When using the HM encoder, we often use predefined configuration files. There are relevant definitions of GOP in the configuration file. The structure and related parameters of the GOP are defined here. The GOP structure is reused in the video sequence. The definition contains GOPSize lines, one frame per line in decoding order, so Frame1 is the first frame decoded, Frame2 is the second frame decoded, and so on. Moreover, the reference image of each frame is defined, including the reference image of the current frame and the reference image of subsequent frames. The encoder does not automatically calculate which frame will be used as a reference in the future, so it must be specified. Note that some of the reference images specified for the images after the IDR frame of the first GOP may not be available, and the encoder will handle this automatically.
The following is the relevant definition of the GOP structure in the LDP configuration file
:
Insert image description here

Insert image description here

The meaning of each column is explained below:

Type : Indicates slice type, which can be I, P, or B.

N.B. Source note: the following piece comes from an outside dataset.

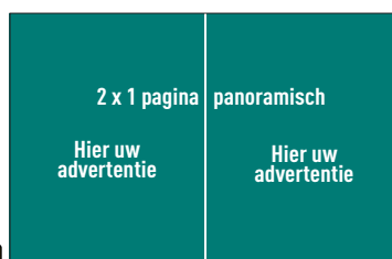
2 x 1 pagina panoramisch

POC : Playback order, the value is 1 to GOPSize.

QPOffset : The final QP of the current frame is equal to QPOffset+QP.

QPOffsetModelOff : The offset value of the linear model, used to adjust the final QP, QPOffset+QP.

QPOffsetModelScale : The scaling value of the linear model, used to adjust the final QP, QPOffset+QP.

CbQPOffset : QP offset of Cb.

CrQPOffset:Cr的QP offset。

QPFactor : The weights used in RDO. A larger value means a smaller bitrate and lower quality. Typical values ​​are between 0.3 and 1.

tcOffsetDiv2 : The final tc_offset_div2 = LoopFilterTcOffset_div2 + tcOffsetDiv2 in deblocking filtering . The final value of tc_offset_div2 is an integer between -6 and 6.

betaOffsetDiv2 : The final beta_offset_div2 = LoopFilterBetaOffset_div2+ betaOffsetDiv2 in deblocking filtering . The final value of tc_offset_div2 is an integer between -6 and 6.

temporal_id : Indicates the temporal layer of the frame. Frames in the lower temporal layer cannot refer to frames in the higher temporal layer. If the reference image of a certain frame has a domain layer larger than its own frame, it will not be used in the reference, but it will be retained and may be used in future frames.

num_ref_pics_active : The size of L0 and L1, indicating how many reference pictures are used in each direction in encoding.

num_ref_pics : The number of reference images saved in the current frame. Includes reference images used by the current frame and those that will be used by future frames.

reference_pictures : Contains num_ref_pics integers, separated by spaces. Represents the POC of the reference image relative to the current image. The list is ordered, starting with negative numbers from largest to smallest, then positive numbers from smallest to largest, for example (-1 -3 -5 1 3). Note that images not included in this list are discarded, i.e. future frames cannot reference images that are not in this list.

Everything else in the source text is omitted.